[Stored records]
──────
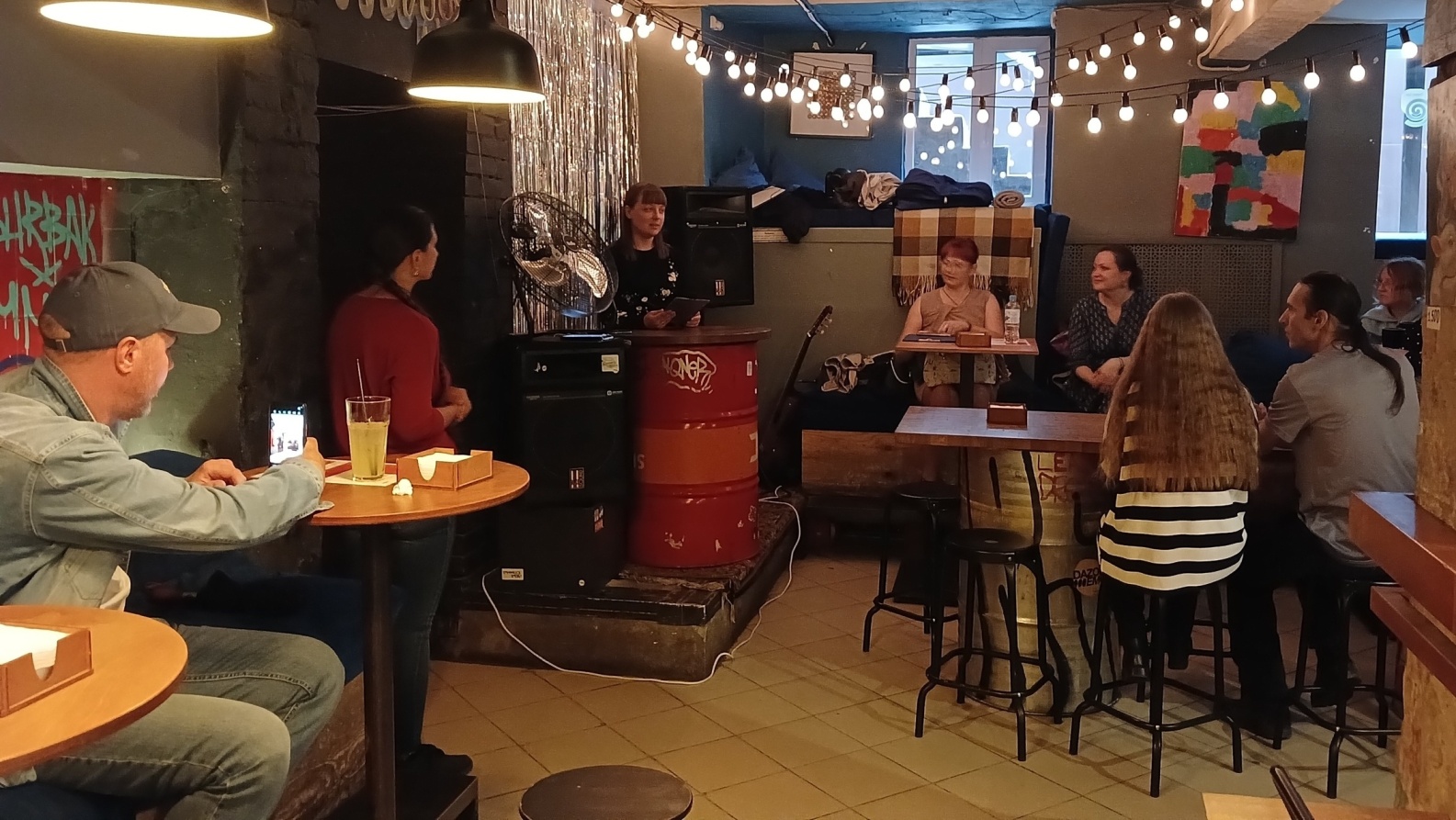 На арт-фестивале «Искусство горожан» клубу дали час на выступление, которое должно было проходить в Центральном парке Новосибирска. Но с самого утра над городом висели облака и шёл дождь. Это продолжалось несколько часов, и было не ясно, закончится ли дождь ко времени выступления. В связи с погодными условиями организаторы фестиваля предложили участникам клуба провести поэтический концерт в баре Memories. И эта встреча прошла в особой камерной обстановке!
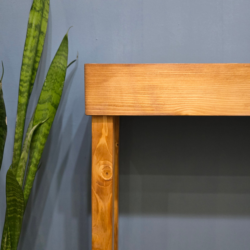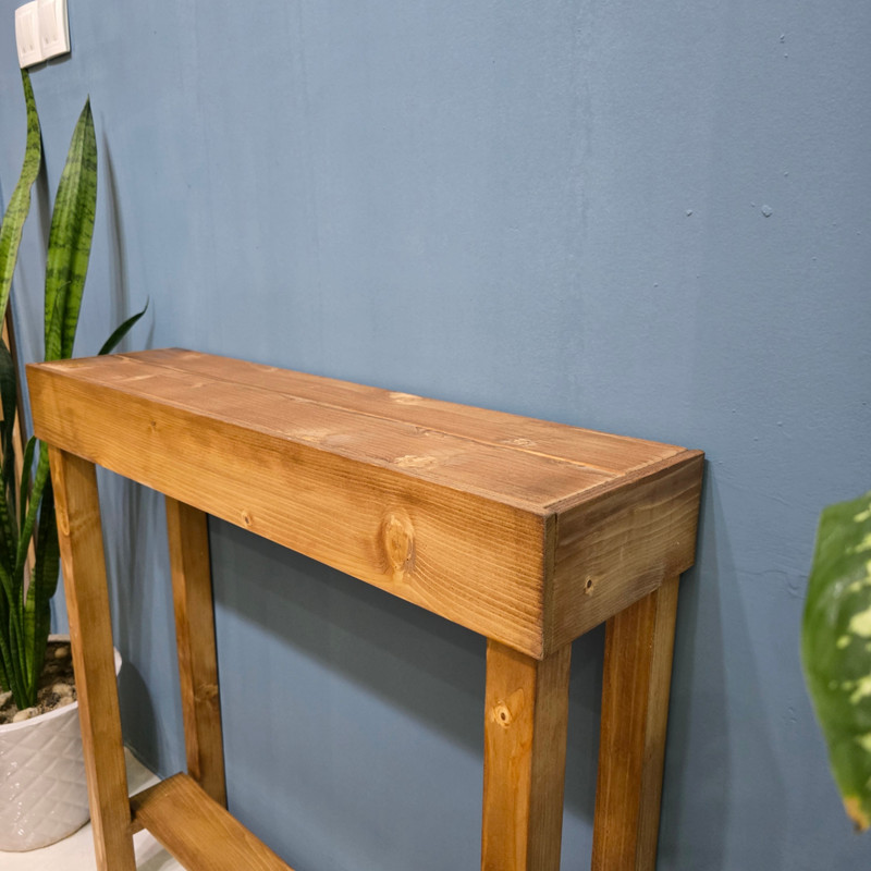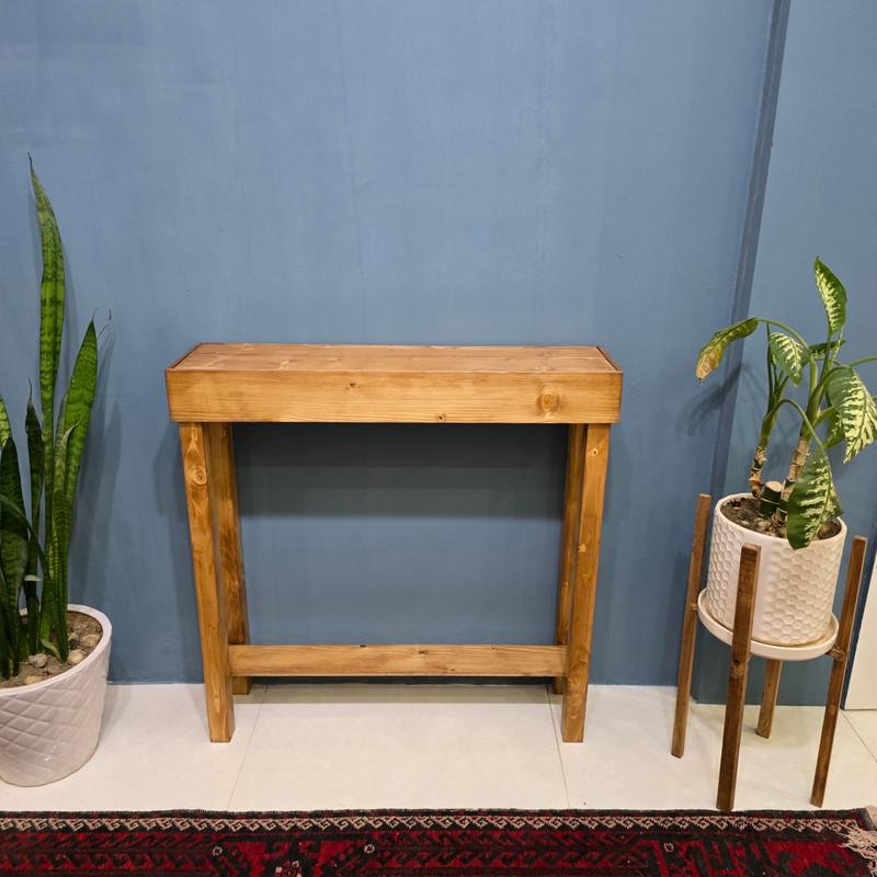 کنسول مارچوبه با کد 2075 از چوب روسی با کیفیت ساخته شده و دارای ابعاد ۷۵ سانتیمتر طول، ۷۵ سانتیمتر ارتفاع و ۲۰ سانتیمتر عرض است. پس از برش و آمادهسازی اولیه، تمام سطح چوب با دقت سنبادهکاری و پرداخت شده تا کاملاً صاف و یکدست باشد. سپس فرآیند رنگآمیزی با رنگ مخصوص چوب انجام شده و در مرحله نهایی، یک لایه کیلر شفاف روی محصول اعمال شده است. این پوشش نهایی نهتنها باعث براق شدن و زیبایی بیشتر محصول میشود، بلکه از نفوذ گرد و غبار و مایعات به بافت چوب جلوگیری کرده و دوام آن را افزایش میدهد. نمونه تصویر محصول به رنگ قهوه ای روشن میباشد. این کنسول همچنین در مدل بیرنگ نیز عرضه میشود که در آن فقط سنبادهکاری و پرداخت سطح انجام شده و هیچگونه رنگ یا کیلری روی آن استفاده نشده است. این مدل برای مشتریانی مناسب است که میخواهند با توجه به سلیقه و دکوراسیون منزل خود، رنگآمیزی نهایی را به دلخواه انجام دهند.
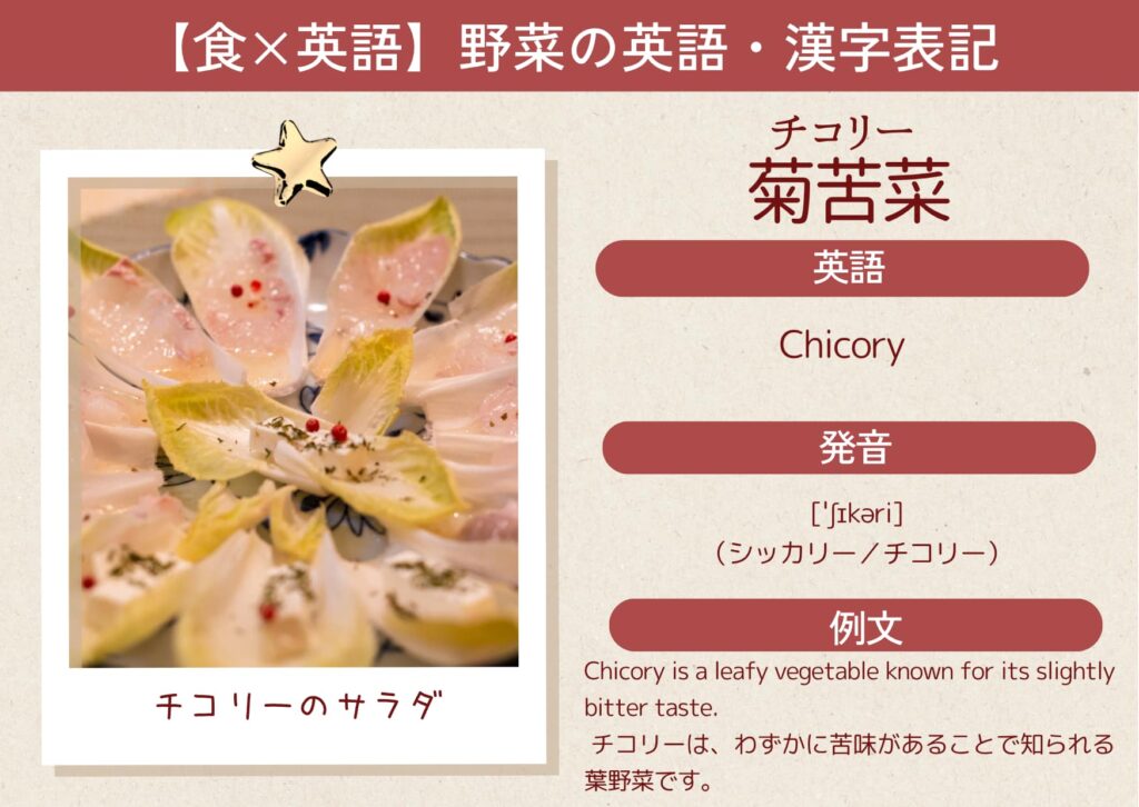 「chicory」は英語で、ヨーロッパ原産の苦味のある野菜全般を指します。
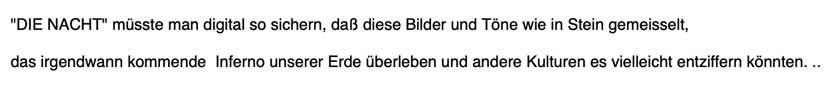 Es war der Versuch von zwei erwiesenen Spezielisten des Theaters und des Films beide Darstellungs-Welten zusammenzufügen . Mit den zugewachsenen Worten und Tönen wie sie einsam und unerlöst zur Verfügung stehen, in Büchern oder Archiven, einen eigenen Formen-Kosmos zu schaffen im Dunkeln des Welt-Alls Kunde zu geben von der Geschichte unserer neuen Menschen-Möglichkeiten auf diese Weise. Auf kleinstem Raum, sich anzuhalten zweimal nach Aussen, wo wir sind, sonst unter uns. Mit diesen Schätzen der Worte und Musik, die aus dem Kern der Dinge eine eigene Heimat suchen lebendig zu werden. Wenn es gelingt. Das aber war erst der Anfang von noch anderen Versuchen solcher Art danach.
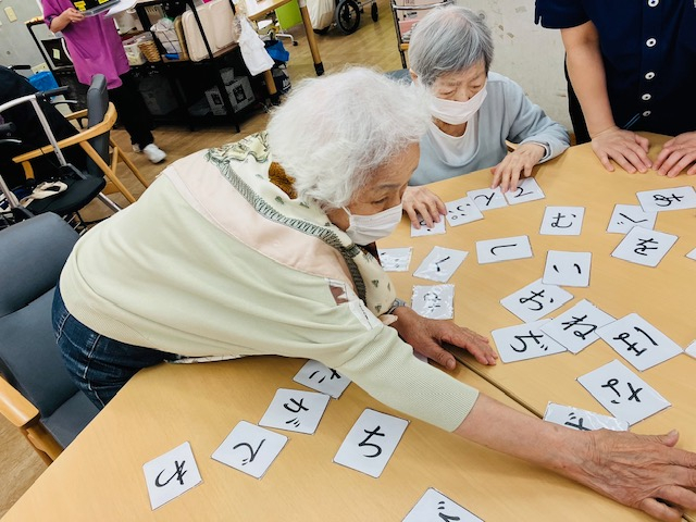 ひらがなカードを使って、テーマに沿った言葉を作るゲームを行いました!
──────
| Assignment |
Reproduce every record above exactly, omitting the pictures.

| Response to the exercise |
 На арт-фестивале «Искусство горожан» клубу дали час на выступление, которое должно было проходить в Центральном парке Новосибирска. Но с самого утра над городом висели облака и шёл дождь. Это продолжалось несколько часов, и было не ясно, закончится ли дождь ко времени выступления. В связи с погодными условиями организаторы фестиваля предложили участникам клуба провести поэтический концерт в баре Memories. И эта встреча прошла в особой камерной обстановке!
 کنسول مارچوبه با کد 2075 از چوب روسی با کیفیت ساخته شده و دارای ابعاد ۷۵ سانتیمتر طول، ۷۵ سانتیمتر ارتفاع و ۲۰ سانتیمتر عرض است. پس از برش و آمادهسازی اولیه، تمام سطح چوب با دقت سنبادهکاری و پرداخت شده تا کاملاً صاف و یکدست باشد. سپس فرآیند رنگآمیزی با رنگ مخصوص چوب انجام شده و در مرحله نهایی، یک لایه کیلر شفاف روی محصول اعمال شده است. این پوشش نهایی نهتنها باعث براق شدن و زیبایی بیشتر محصول میشود، بلکه از نفوذ گرد و غبار و مایعات به بافت چوب جلوگیری کرده و دوام آن را افزایش میدهد. نمونه تصویر محصول به رنگ قهوه ای روشن میباشد. این کنسول همچنین در مدل بیرنگ نیز عرضه میشود که در آن فقط سنبادهکاری و پرداخت سطح انجام شده و هیچگونه رنگ یا کیلری روی آن استفاده نشده است. این مدل برای مشتریانی مناسب است که میخواهند با توجه به سلیقه و دکوراسیون منزل خود، رنگآمیزی نهایی را به دلخواه انجام دهند.
 「chicory」は英語で、ヨーロッパ原産の苦味のある野菜全般を指します。
 Es war der Versuch von zwei erwiesenen Spezielisten des Theaters und des Films beide Darstellungs-Welten zusammenzufügen . Mit den zugewachsenen Worten und Tönen wie sie einsam und unerlöst zur Verfügung stehen, in Büchern oder Archiven, einen eigenen Formen-Kosmos zu schaffen im Dunkeln des Welt-Alls Kunde zu geben von der Geschichte unserer neuen Menschen-Möglichkeiten auf diese Weise. Auf kleinstem Raum, sich anzuhalten zweimal nach Aussen, wo wir sind, sonst unter uns. Mit diesen Schätzen der Worte und Musik, die aus dem Kern der Dinge eine eigene Heimat suchen lebendig zu werden. Wenn es gelingt. Das aber war erst der Anfang von noch anderen Versuchen solcher Art danach.
 ひらがなカードを使って、テーマに沿った言葉を作るゲームを行いました!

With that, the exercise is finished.